To be specific, the abstract swirling sounds of Tim Blake and Jean-Michel Jarre require two LFOs with variable depth and speed, directed to control an oscillating filter or a sine wave oscillator. Both of those musicians did the trick using the joystick on an EMS Synthi, but anyone can do it now with a few Eurorack modules.

The lesson is that if you want to create some crazy sounds, some synths with only one oscillator and one low frequency oscillator (often without a random setting) will just not take you far enough. 

7) Study the classics.

Various synth sounds have captured the public imagination over the years. Make sure you know how to create and modify the sounds from “Popcorn” (short decay Moog synth), “Lucky Man” (high degree of portamento), “Spiral” (filtered sequencer), “Arabesque No. 1” (human whistle), “The Journey” (sawtooth glide lead synth), “Oxygene Pt. 2” (irregular length step sequence), “On The Run” (filtered sequencer), “Autobahn” or “Just An Illusion” (hand-played synth bass), “Song Within A Song” (different shape modulation within the same solo), “Acid Tracks” (Roland Bassline patterns), “Karn Evil 9” (random sample & hold filter), “The Black Hit Of Space” (fuzzed synths replacing fuzz guitar)…

And if you don’t know the artists for all those tracks, shame on you. 

8) Get playing technique.

If you are into making some imitative sounds, there’s more to it than programming. Sounds don’t become convincing unless they’re played in a style reminiscent of the actual instrument (and ideally played within the real range of that instrument, not lower or higher). So listen to some solos on saxophone, guitar, pipes or other instruments to see how expression is added to the basic note.

Jan Hammer distorted his MiniMoog and Oberheim SEM combination through a guitar amp, but it’s his approach to pitch bending (particularly using keytars) that really made his guitar imitations convincing (particularly on “Miami Vice” and on albums with Neal Schon or Jeff Beck).

If you’re playing a pipe or whistle sound, don’t add the obvious sine wave vibrato, it’s not typical of the real instrument. You need square wave modulation taking you rapidly up and down to the “next finger hole.”

9) Control your mix.

Once you’ve programmed the sound you want, take care how it’s placed in your mix. As Rick Wakeman once commented to me, even on high pitched orchestral instruments like an oboe, there can be a (largely inaudible) bass element. Rolling that off can clear up huge amounts of headroom in the total volume of your piece.

And of course think about what frequency spectrum your sound is occupying – programming several instruments all to play in the same frequency zone as a human voice could be counter-productive.

10) Open yourself up to extreme possibilities, Dana.

If all else fails in your programming quest, try something completely new.

Brian Eno often composed and performed using randomly chosen “Oblique Strategies” cards with instructions like “Only one element of each kind” or “Honour the error as a hidden intention.”

More recently, synthesizers like the Korg Wavestate have been marketed with complete or partial randomization functions.
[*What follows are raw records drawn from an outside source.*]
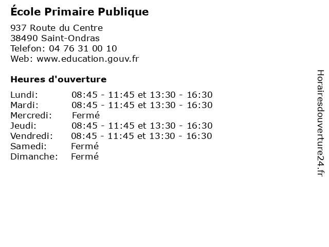 | Mardi | 08:45-11:45 et 13:30-16:30 |
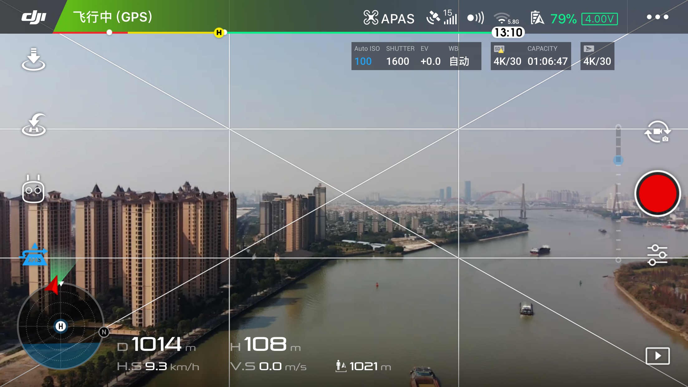 这次飞行在整个 Mavic Air 测评中占有重要地位,因为它非常明显地展示了增强型 Wi-Fi 图传如何在强大的信号干扰中挣扎。虽然此刻的图传已经不足以为飞手取景提供服务,但是我们可以在屏幕上看见彻底断线前的图传系统一直在尝试重连,飞手仍然可以根据图传幸存的画面手动控制飞机返航。重连速度是增强型 Wi-Fi 图传的大亮点,可以更大限度地保障飞行安全。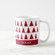 Customizable holiday mug features a bold maroon tree pattern on a white background above a dark red stripe on the bottom with your name in white on each side. Easily add your name or text in the sidebar. Other style mugs also available in the sidebar.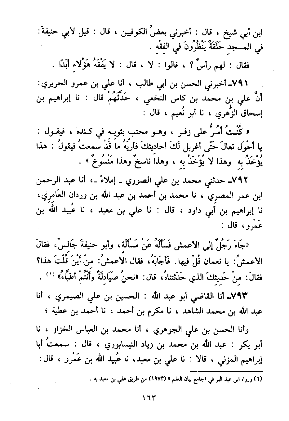حَدَّثَنِي مُحَمَّدُ بْنُ عَلِيٍّ الصُّورِيُّ , إِمْلَاءً , أنا عَبْدُ الرَّحْمَنِ بْنُ عُمَرَ الْمِصْرِيُّ , نا مُحَمَّدُ بْنُ أَحْمَدَ بْنِ عَبْدِ اللَّهِ بْنِ وَرْدَانَ الْعَامِرِيُّ , نا إِبْرَاهِيمُ بْنُ أَبِي دَاوُدَ , قَالَ: نا عَلِيُّ بْنُ مَعْبَدٍ , نا عُبَيْدُ اللَّهِ بْنُ عَمْرٍو , قَالَ: جَاءَ رَجُلٌ إِلَى الْأَعْمَشِ فَسَأَلَهُ عَنْ مَسْأَلَةٍ , وأَبُو حَنِيفَةَ جَالِسٌ , فَقَالَ الْأَعْمَشٌ: يَا نُعْمَانُ قُلْ فِيهَا فَأَجَابَهُ , فَقَالَ الْأَعْمَشُ: «مِنْ أَيْنَ قُلْتَ هَذَا؟» فَقَالَ: مِنْ حَدِيثِكَ الَّذِي حَدَّثْتَنَاهُ , قَالَ: «نَحْنُ صَيَادِلَةٌ وَأَنْتُمْ أَطِبَّاءُ»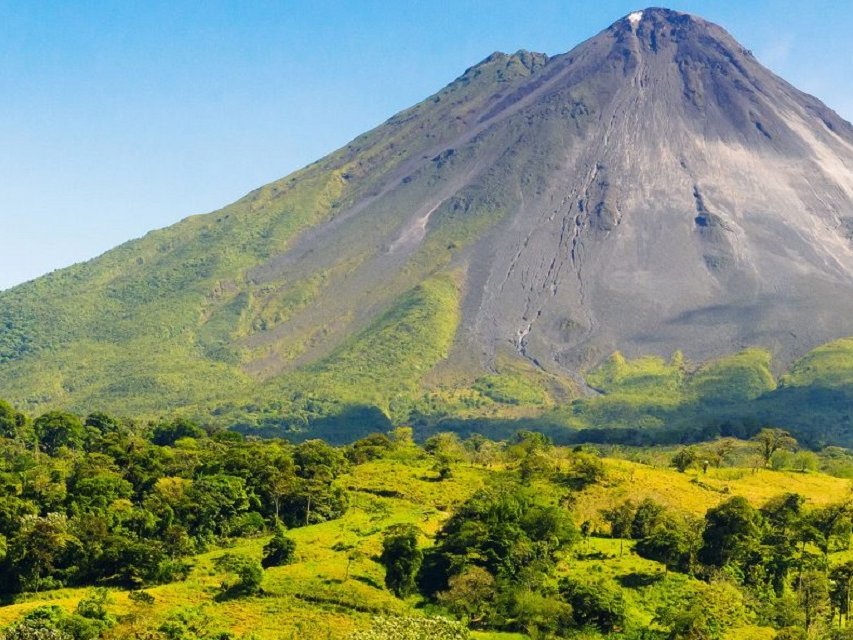 El volcán más icónico de Costa Rica, con aguas termales naturales, puentes colgantes sobre la selva, tirolinas y el lago Arenal. Base perfecta para aventura.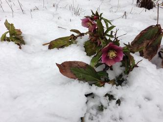 This is a photo of a Helleborus plant in bloom peeking through the snow. It was taken in my garden and I love the fact that there are flowering plants in the middle of winter.

It’s no effort to push these buttons a few times until an interesting starting point comes up, maybe one you wouldn’t normally have considered.

11) Patch things up.

If you’re using any modular or semi-modular gear, don’t be afraid to make non-obvious patch connections and instrument interconnections.

You’re unlikely to do any damage, and obscure options like random sequence controlled pulse width modulation are sure to bring something unique to your sound.